[Opening The data section]
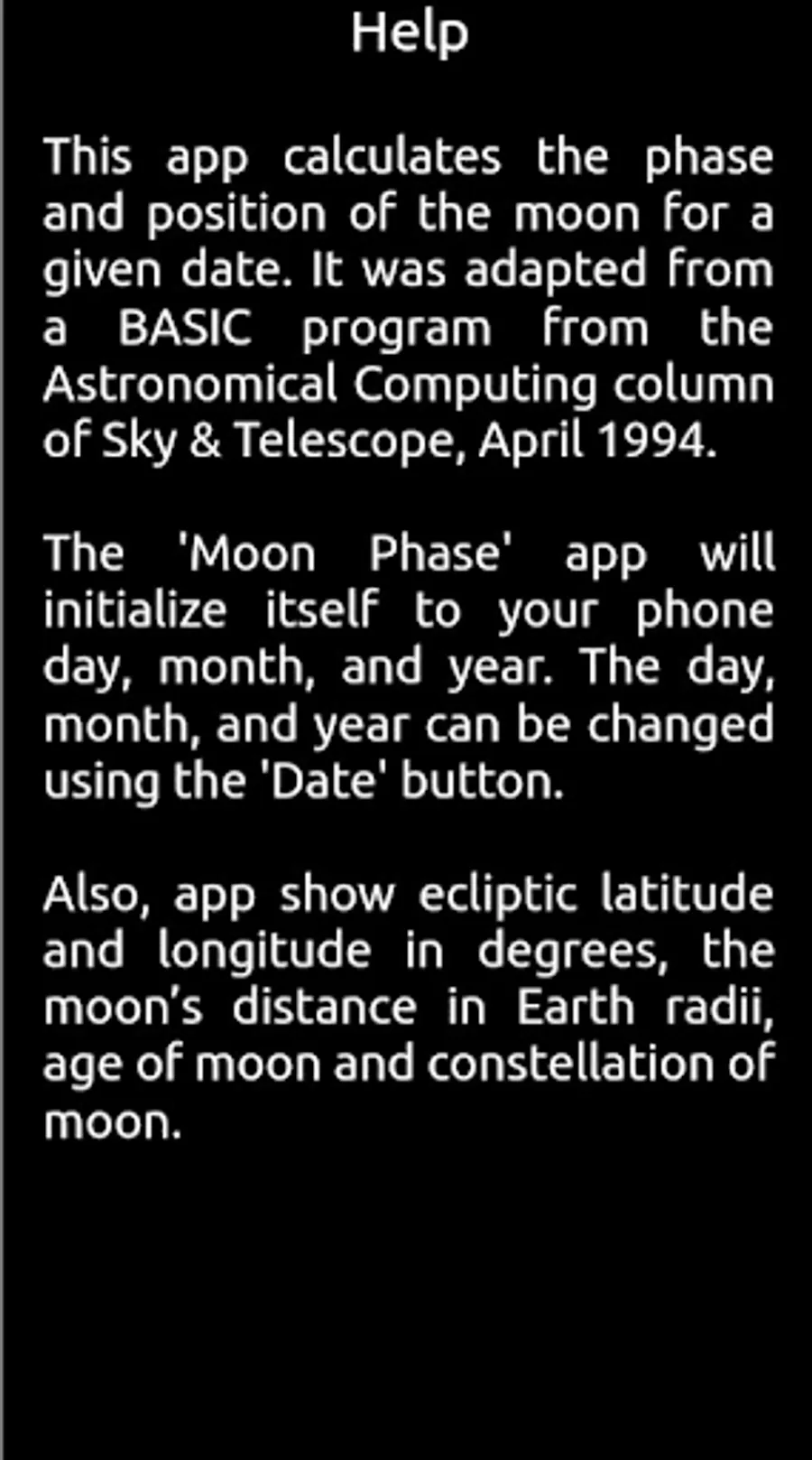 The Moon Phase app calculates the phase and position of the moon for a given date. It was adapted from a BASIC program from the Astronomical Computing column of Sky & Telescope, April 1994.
[Closing The data section]
[Opening The data section]
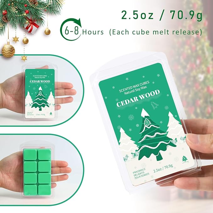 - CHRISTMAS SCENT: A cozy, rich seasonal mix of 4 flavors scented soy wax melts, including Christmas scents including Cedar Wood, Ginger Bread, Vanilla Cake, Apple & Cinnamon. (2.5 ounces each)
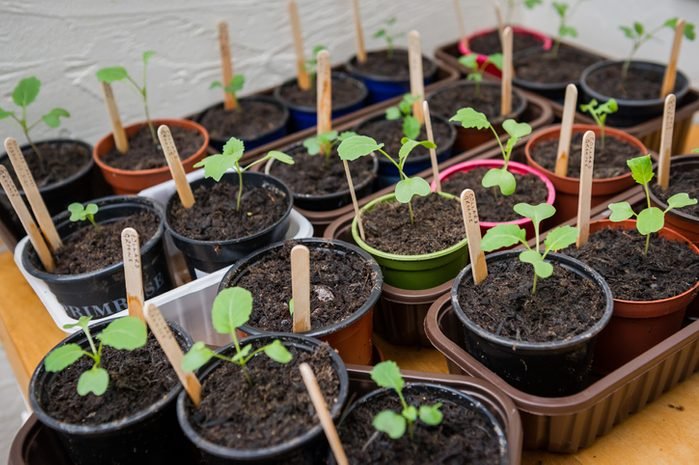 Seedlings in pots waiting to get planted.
[Closing The data section]
## [Brief]
Take the material above from the line bearing "- CHRISTMAS SCENT: A" through the line bearing "Seedlings in pots waiting to get planted." and write it out exactly, both end lines included. Pictures stay out.

## [Answer to this task]
 - CHRISTMAS SCENT: A cozy, rich seasonal mix of 4 flavors scented soy wax melts, including Christmas scents including Cedar Wood, Ginger Bread, Vanilla Cake, Apple & Cinnamon. (2.5 ounces each)
 Seedlings in pots waiting to get planted.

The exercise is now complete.